De nombreux Sud-Africains, ne comptant que sur eux-mêmes, ont également commencé à déblayer et réparer. La présidence sud-africaine a tweeté, jeudi, ses remerciements à « ceux qui s’engagent dans les opérations de nettoyage ». Dans le centre de Johannesburg, beaucoup de magasins sont fermés. Des rues restent bloquées par des barricades calcinées. « Ça ne sert à rien d’être en colère, il faut retrousser ses manches maintenant », témoigne un riverain soucieux de conserver son anonymat.
L’armée pour pacifier
« Le plus terrible, c’est que de nombreux commerçants ne sont pas assurés, ils ne peuvent espérer aucun dédommagement », souligne Michael Sun, politique dans l’opposition municipale.
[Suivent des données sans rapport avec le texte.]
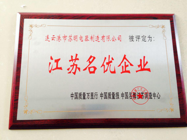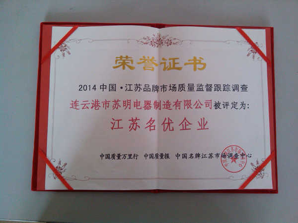 在2014年3.15到來之際,連云港市蘇明電器制造有限公司被中國.江蘇品牌市場質量監(jiān)督跟蹤調(diào)查中心評為 “江蘇名優(yōu)企業(yè)”。
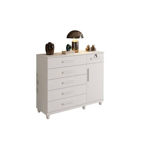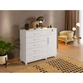 A Cômoda Milão é um excelente móvel! Com ela, seu quarto ficará ainda mais prático e funcional. Ela oferece conforto e comodidade. As seis gavetas contam com amplo espaço interno, além de ótima profundidade, deixando tudo mais organizado. Além disso, possuem corrediças telescópicas e chave em uma das gavetas. Uma delas conta com chave, oferecendo mais segurança. Os puxadores são madeirados, proporcionando um ótimo acabamento ao móvel. Possui nichos para colocar objetos de decoração ou pessoais. É ideal para deixar o quarto mais prático e bonito! Características: Marca: Benetil Estilo: Moderno Origem do produto: Nacional Material principal: MDP Ambiente principal: Quarto Escala de Brilho: Fosco Necessita montagem: Sim Possui gavetas: Sim, 6. Possui chaves: Sim Tipo de Corrediça: Telescópica Tipo de Puxador: MDF Madeirado Possui portas: Não Possui prateleira: Sim, externa. Dimensões: Altura: 115 cm Largura: 122,5 cm Profundidade: 45 cm Peso: 56 kg Garantia do fornecedor: 3 meses Recomendações de uso/manutenção: Limpar com flanela limpa e seca. Não usar produtos abrasivos.

L’armée va multiplier ses effectifs sur le terrain, pour stabiliser Johannesburg et pacifier les zones plus tendues, notamment les grandes villes du Kwazulu-Natal, le port de Durban et sa capitale Pietermaritzburg. Le président Cyril Ramaphosa avait autorisé, lundi, le déploiement de 2 500 soldats, doublé deux jours plus tard. La ministre de la défense a dit souhaiter jusqu’à 25 000 soldats pour faire face à l’urgence. « Tous les réservistes doivent se présenter à l’aube », jeudi, « dans leurs unités respectives », leur avait annoncé, la veille, le chef de l’armée.
Sur le terrain, ces annonces sont reçues avec soulagement. « Les militaires, c’est une bonne chose, car chez nous, les gens ont bien plus peur d’un soldat que d’un policier », explique Musa Mbele-Radebe, 30 ans, parmi les centaines de personnes qui déblaient le centre commercial ravagé de Jabulani (« réjouis-toi » en zoulou) à Soweto.